The problem nobody talks about
If you've been doing color-critical work for any length of time, you know the drill: buy a colorimeter, hang it on your screen, run the software, trust the resulting ICC profile. For a decade, this worked well enough. LCD panels were predictable. sRGB was the dominant color space. Brightness topped out around 300-400 nits. The tools matched the displays.
That era is over. The monitors hitting the market in 2025 and 2026 — OLED panels from LG, Samsung, and ASUS, mini-LED displays from Apple and Dell, wide-gamut screens pushing past DCI-P3 into Rec. 2020 territory — have fundamentally changed what a calibration device needs to measure. And most of the hardware and software that photographers and print professionals have been relying on simply wasn't designed for this.
What changed
Three shifts happened almost simultaneously, and each one independently breaks assumptions that traditional calibration relies on.
First, luminance ranges exploded. A typical LCD monitor for photo editing runs at 80-120 nits for calibrated work, maybe 350 nits at maximum. An Apple Studio Display hits 600 nits. The Pro Display XDR hits 1,600 nits sustained. OLED panels from ASUS and LG can spike past 1,000 nits for HDR content. Some reference monitors used in video post-production exceed 4,000 nits. Older colorimeters like the X-Rite i1Display Pro maxed out at 1,000 nits — fine for LCDs, blind to what modern panels can actually do.
Second, black levels dropped to near-zero on OLED displays. This is a measurement challenge that goes in the opposite direction: OLED pixels shut off completely, producing true blacks that colorimeters struggle to distinguish from their own electronic noise floor. A sensor designed to measure the relatively bright blacks of an LCD backlight (3-5 nits on a good IPS panel) may return garbage data when pointed at an OLED's 0.001-nit black level. And black level accuracy directly affects shadow detail rendering — exactly the tonal range where photographers notice problems first.

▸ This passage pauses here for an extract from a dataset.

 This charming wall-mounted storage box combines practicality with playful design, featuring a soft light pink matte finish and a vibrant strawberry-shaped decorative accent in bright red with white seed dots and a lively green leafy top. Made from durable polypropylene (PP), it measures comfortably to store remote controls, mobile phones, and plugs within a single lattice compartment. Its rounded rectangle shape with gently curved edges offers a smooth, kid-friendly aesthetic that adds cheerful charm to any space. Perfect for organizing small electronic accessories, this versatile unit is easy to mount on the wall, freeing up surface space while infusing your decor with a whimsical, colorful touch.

Third, display color technologies diversified beyond what correction matrices can handle. Traditional LCD backlights used white LEDs. Modern panels use W-OLED, QD-OLED, PFS phosphor LEDs, mini-LED with quantum dot films, and various other technologies — each with a different spectral emission profile. Colorimeters use filters to approximate human color vision, and those filters need technology-specific correction matrices to produce accurate readings. If the software doesn't have the right correction for your panel type, the resulting profile will have systematic errors that no amount of re-measurement will fix.
Calibrite's answer: the HL sensor
In late 2025, Calibrite launched its HL (High Luminance) sensor line — the Display Pro HL measuring up to 3,000 nits and the Display Plus HL measuring up to 10,000 nits. Both use a newly developed sensor designed for current and future display technologies, with USB-C connectivity and new Calibrite PROFILER software replacing the aging i1Profiler and ccProfiler applications.

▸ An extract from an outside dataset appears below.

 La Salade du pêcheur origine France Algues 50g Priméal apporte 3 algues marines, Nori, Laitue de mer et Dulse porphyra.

The hardware improvements are meaningful. The extended luminance range means these devices can actually measure what HDR monitors produce, rather than clipping at 1,000 nits and guessing. The 30% faster measurement cycle reduces the time cost of calibration — relevant for studios managing multiple displays. Native USB-C eliminates adapter-related measurement delays.
For most photographers doing SDR photo editing on an LCD or recent OLED display, the Display Pro HL at roughly 0 is the practical choice. The Display Plus HL at around 0 adds 10,000-nit measurement range, BT.1886 tone curve support for Rec. 2020, and HDR-specific features — relevant for video colorists and anyone working with HDR deliverables.

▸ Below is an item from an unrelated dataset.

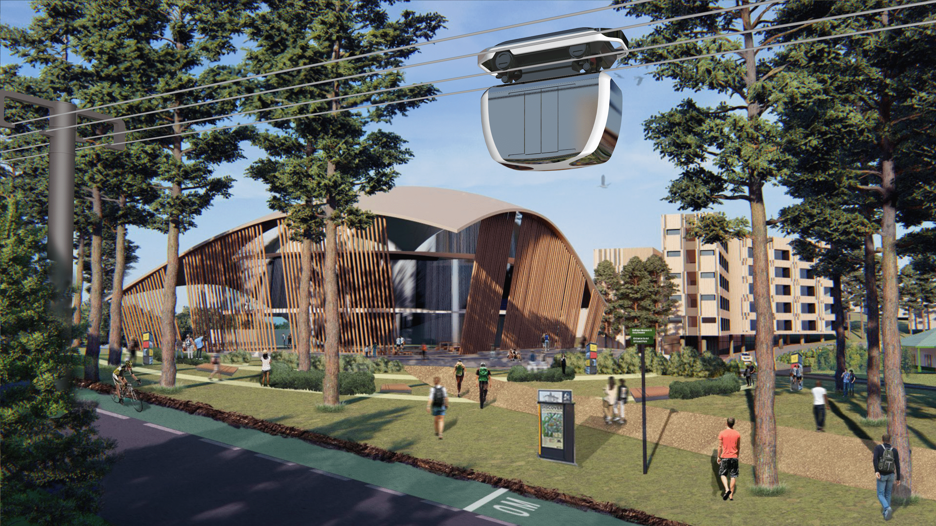 自走型ロープウェイ「Zippar」とは、ワイヤーケーブルが固定されており、その上をキャビンが自走し、カーブと分岐が可能になり道路上に建設できるようになった次世代型ロープウェイです。

The practical recommendation: If you're replacing an X-Rite i1Display Pro or older Calibrite ColorChecker Display, the Display Pro HL is the direct upgrade. Same price bracket, significantly better capability with modern displays. If you're doing any video color grading or HDR work, the Display Plus HL is worth the premium.
Where the gaps remain
Hardware is only half the story. The software ecosystem has not kept pace, and this is where photographers and print professionals run into real problems.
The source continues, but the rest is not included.